Ди Ланцэ хлопнул по плечу:

— Лучше сдайся, раз так. Твоя расшибленная башка не поможет нам весной. Ни одна девица того не стоит. Хотя, признаю, барышня фор Циррент и впрямь интересная штучка. Умна, обаятельна и с ядовитым язычком. И, к слову, она вовсе не серая мышка, просто ее красота не бросается в глаза с первого взгляда. Если бы я искал признания в свете, все бы сделал, чтобы заполучить ее в жены.

— После меня, — поддался мгновенной ревности Нико, и лишь потом, под дружный хохот, сообразил, что именно брякнул.

— Разумеется, — откровенно заржал ди Ланцэ, — я подожду, посмотрю со стороны, учту твои ошибки и приду на готовенькое. Или не приду. Есть у меня, знаешь ли, предчувствие, что это будет слишком опасная заварушка.

— Неужели хоть здесь разговоры о заварушках, а не о девушках? В кои-то веки! — к компании стремительно подошел принц Ларк, веселый и встрепанный.

— Если бы, — буркнул Нико, и его собутыльники вновь бессовестно заржали. — Видите ли, ваше высочество, мне упорно советуют не искушать более судьбу и признать наше пари проигранным.

— А-а, ясно, — протянул принц. — Значит, вы, граф, познакомились с Джегейль поближе и пришли сюда заливать это горе? Своеобразная девушка, верно, граф?

— Чума она, а не девушка!

— Что есть, то есть, — принц рассмеялся. — Признаться, после моего первого с ней разговора я тоже был изрядно взбешен. Так что, признаете свой проигрыш?

— Да ни за что! — взбешенный предложением Нико хлопнул ладонью по столу так, что зазвенели, падая, бокалы. — Она чума, я ее не понимаю, я чувствую себя дураком с нею рядом, но… — Он махнул рукой, поднял свой бокал, наполнил и медленно, заставляя себя успокоиться, выпил. — Вы были правы, мой принц. Она другая. Не такая, как прочие. И у нее такая улыбка…
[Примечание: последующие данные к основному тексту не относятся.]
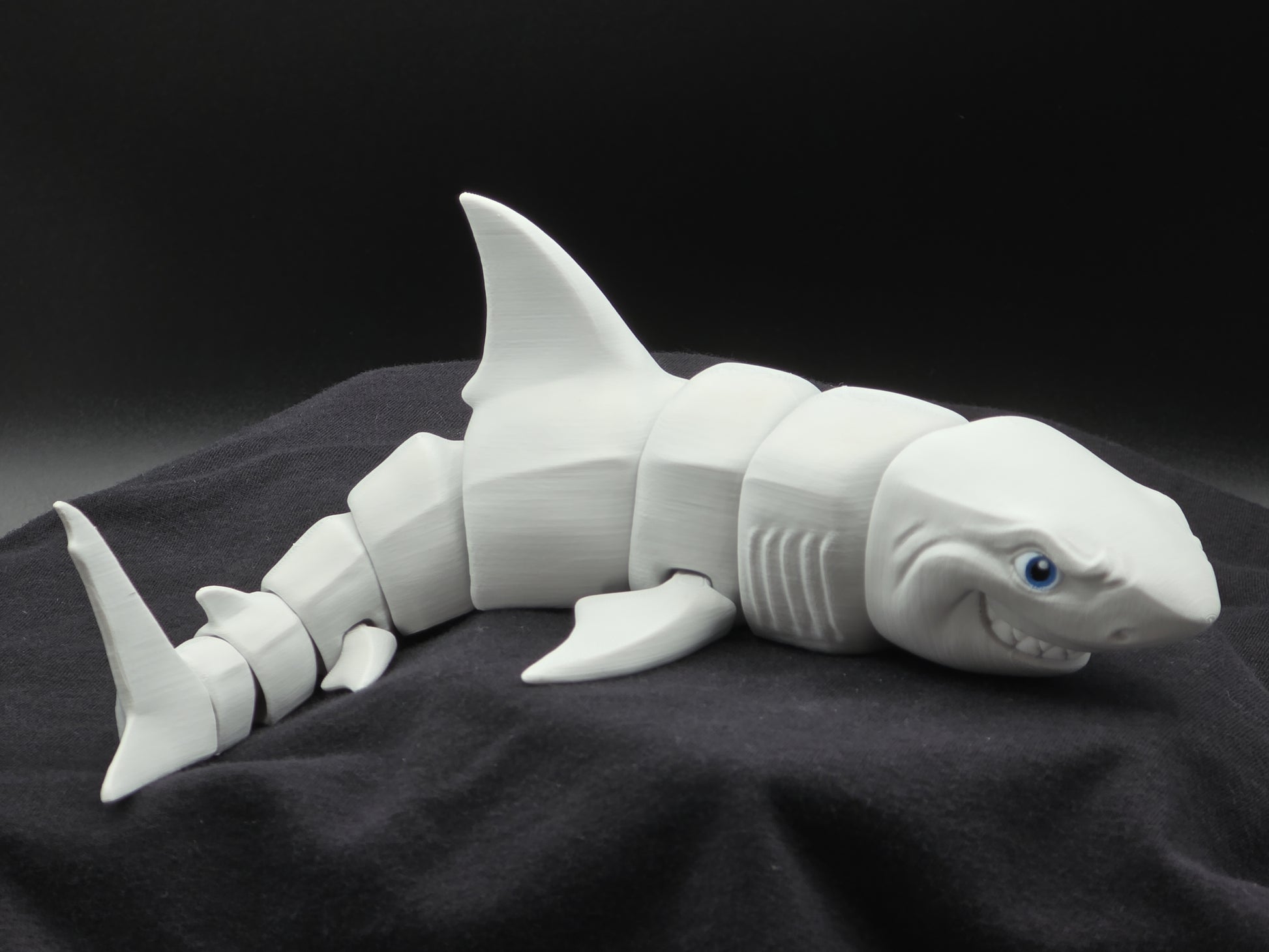 A bold articulated Great White Shark with smooth segmented movement and an expressive sculpted face. 3D printed as one complete piece and designed for display, desk décor, or collecting.

— Он влюбился, — сказал кто-то за спиной.

— Иди ты, — не глядя, отмахнулся Нико.

Ларк, раздвинув бутылки, бокалы и блюда с закусками, угнездил локти на стол, сплел пальцы в замок, опустил на них подбородок и нахмурился.

— Послушайте, дорогой фор Виттенц, — негромко начал он, мотнул головой и невесело усмехнулся. — Никодес. Если вы все еще хотите лишь доказать мне свою правоту — продолжайте, воля ваша. Но если Джегейль стала вам на самом деле небезразлична, если вы хотите завоевать ее сердце, послушайте моего совета, откажитесь от пари. Я не стану настаивать на проигрыше, давайте сойдемся на ничьей, тем более что я вовсе не хотел с вами спорить. У этой девушки, Никодес, очень высокая планка самоуважения, и пари на ее благосклонность она не воспримет как комплимент.

— Э, господа, так неинтересно!

— Не по-спортивному, а, граф?

— Ваше высочество, как вы можете предлагать ничью, я ставил на вашу победу!

Ларк вскинул руку:

— Тихо, господа. Плевать на пари, дело серьезное. Право, граф, подумайте. Взвесьте свои чувства. Можете не отвечать сию минуту.

— Я не привык отступать, ваше высочество, — Нико покачал головой, почти уверенный, что сейчас совершает ошибку. Но ведь пари…

— Почему сразу отступать? Можете считать это перегруппировкой. Или отходом потрепанных в бою частей на заранее приготовленные позиции и вводом в бой резерва.

— В общем, ты реши, друг, чего хочешь — пари или жениться, — ввернул ди Ланцэ. — Здесь, похоже, или — или.

— Вот именно, — кивнул принц. — Это, в принципе, не мое дело и даже как-то не по-товарищески, подталкивать своих боевых друзей к семейным узам, — за столом вновь грянул хохот, а принц спокойно закончил: — Но Джегейль стоит того, чтобы всерьез побороться за ее сердце.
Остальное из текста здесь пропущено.